Experimental set-up to increase mechanical stress on insect exoskeletons. (a) Photo of custom made centrifuge showing the standardized insect cages with individual heating and LED lighting. The red, dashed box highlights a locust in the set-up. The centrifuge had a diameter of 2 m and allowed to apply continuous hypergravity conditions up to 10 g to the insects. (b) The locust Locusta migratoria is a typical model organism for biomechanical studies on insect cuticle. The cylindrical, thin-walled tibiae of the hind legs allow to apply standard engineering methods for biomechanical tests. (c) The hind leg tibia of L. migratoria showing the nomenclature used throughout the manuscript. (d) Schematic illustration of the cantilever bending experiments, where l is the distance between the sample holder and actuator, and d the deflected distance, when a load F is applied with constant speed. (e) Typical force–displacement curve of a cantilever bending test on a hind leg tibia. The red highlighted part indicates the linear elastic region used for Young’s modulus calculation. Panels (a) and (b) with kind permission from Marcus Meyer Photography.

2. Methods

(a) . Animal keeping and exposure to hypergravity

Locusta migratoria (Linneaus 1758) were bought at fifth instar and kept in a controlled 12 h day/12 h night cycle until final moult. Insects were fed with fresh plant material ad libitum. For all locust, pre-treatment and post-treatment weight and survival during treatment was documented.

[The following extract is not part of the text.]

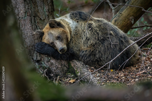 Fototapeta premium Vulnerable brown bear, ursus arctos, lying near the tree in autumn. Curled...

To apply continuous levels of hypergravity over a long period of time, freshly moulted adult locusts were raised with identical environmental conditions in a custom build centrifuge set-up under 3 g, 5 g and 8 g continuous hypergravity load (figure 1; electronic supplementary material, figure S1). The adults were raised in the set-up for two weeks until the exoskeleton was fully developed [9]. In our experiments, we tried to cover a wide range of mechanical loads, starting with a physiological plausible load of 3 g, which is in the range of stresses adult female locusts are subjected to during mating with males attached to their backs. Loads of 5 g and 8 g are likely to exceed typical loads experienced during normal activity, however were used to test possible extreme regions of mechanical stress.

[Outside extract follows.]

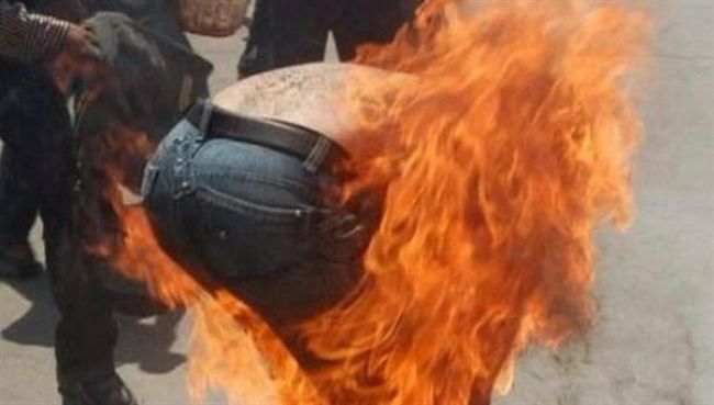 قالت مصادر إعلامية إن موظفا قام بإحراق نفسه بعد رش مادة البنزين علی جسمه بمدينة ذمار.

During these experiments, the centrifuge was only stopped every 3 days for max. 15 min for animal caretaking. To test for a possible effect of reduced feeding due to increased stress levels, we performed additional centrifuge experiments with an 1 h daily ’lunch break’ at mid-day, during which the centrifuge was stopped. A few minutes after the centrifuge had come to a complete halt the insects started to feed.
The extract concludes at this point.